The only thing he can think of that could have distracted an entire floor in a care home is the Volunteer Service’s singalong that afternoon. Someone could have stolen away from the entertainment, gone to Erna Pedersen’s room, killed her and then returned to the singalong. It need not have taken more than a couple of minutes and no one would have noticed. Pedersen wouldn’t have been capable of making very much noise and her room was quite a distance from the TV lounge where the singalong was taking place. And it’s fairly easy to hide a framed school photo. All you need is a bag or jacket with big pockets.

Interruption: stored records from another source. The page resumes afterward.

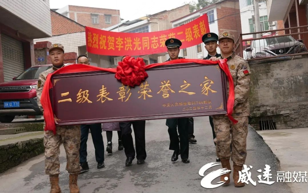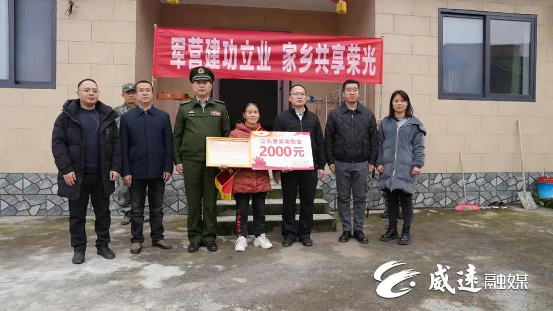 近日,威远县人武部、县退役军人局、中国人民解放军有关部队及严陵镇、高石镇有关人员开展了“军营建功立业,家人共享荣光”集中送喜报活动。
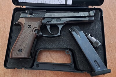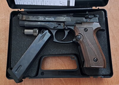 Zum Verkauf eine Ekol Firat Magnum im Kal. 9 mm Knall, diese ist die zur Zeit detailgetreueste Nachbildung der Beretta 92 FS auf dem Markt für freie Waffen. Es wurde sogar die originale Magazinkapazität von 15 Patronen übernommen. Durch die 2-reihige Magazinausführung liegt die Pistole gut in der Hand. An dieser Waffe wurden zudem Auszieher, Schlagbolzen und Magazingehäuse aus Stahl gefertigt.
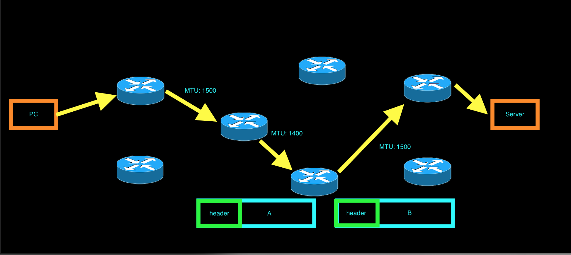 - MTU가 라우터마다 다르기 때문에 기존 1개였던 패킷을 2개로 쪼갤 수밖에 없다.
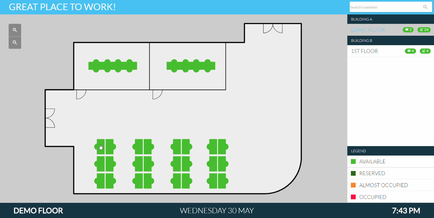 - Liveöversikt över beläggningsstatus för varje skrivbord eller rum.
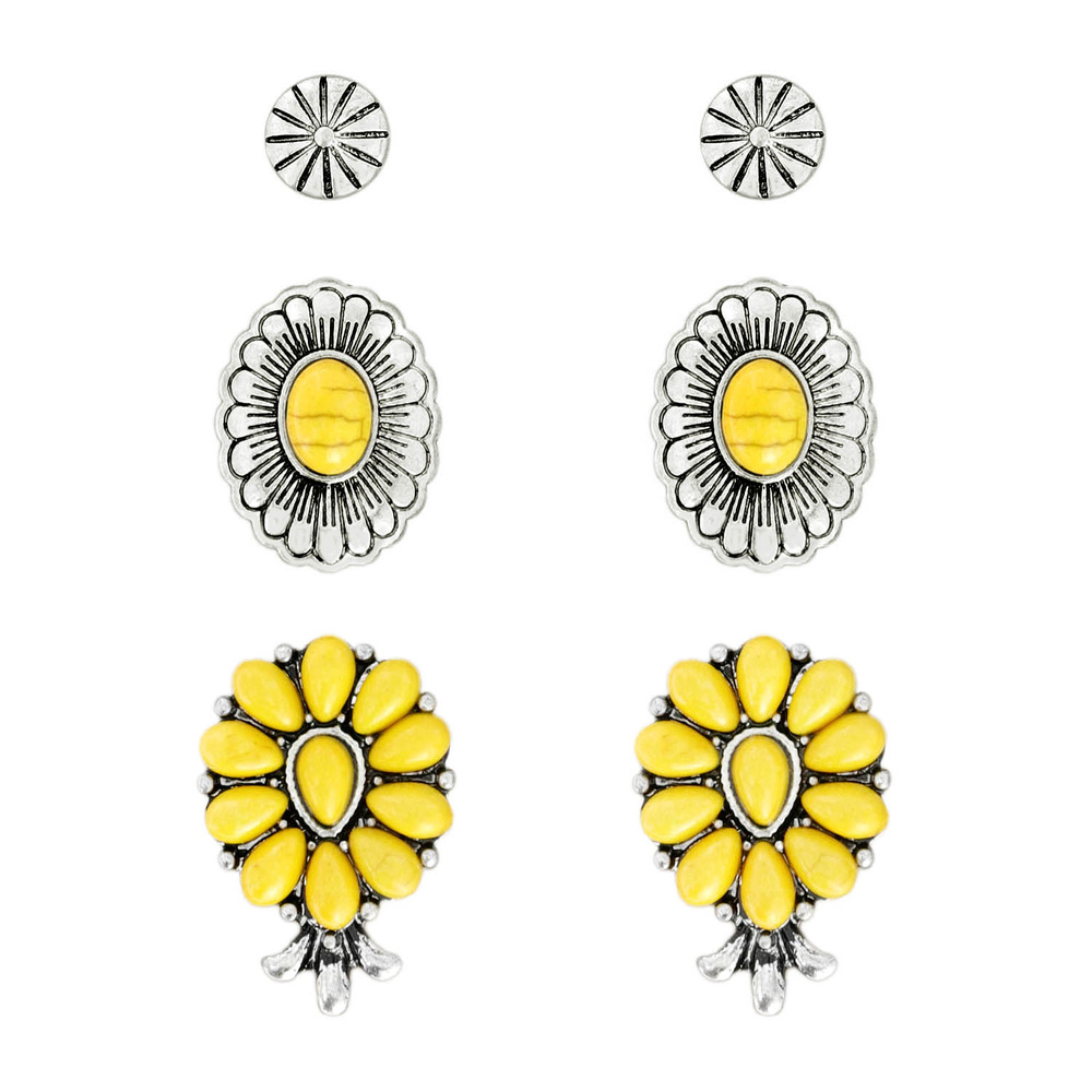 3pair Western Style Squash Blossom Turquoise Post Earrings

But what was the point of mutilating her eyes? And what about the missing picture? Was Pedersen meant to look at it before she was killed?
His train of thought is interrupted by Ella Sandland knocking on his door and popping her head round.
‘I’ve just had a call from Forensics,’ she says, sounding agitated. ‘They’ve found a fingerprint on the knitting needles that doesn’t belong to Erna Pedersen.’
Bjarne looks up at her.
‘Okay? So who does it belong to?’
A layer of grey clouds hangs across Jessheim and refuses to let in the sun, but Emilie Blomvik doesn’t even notice it when she drops off Sebastian at nursery, just in time for him to join in the trip to the Raknehaugen burial mound. Inside his Lightning McQueen bag are two packed lunches, a clear blue plastic bottle of tap water and a green apple. She sends him inside with whispered instructions to have lots of fun today because that’s exactly what she intends.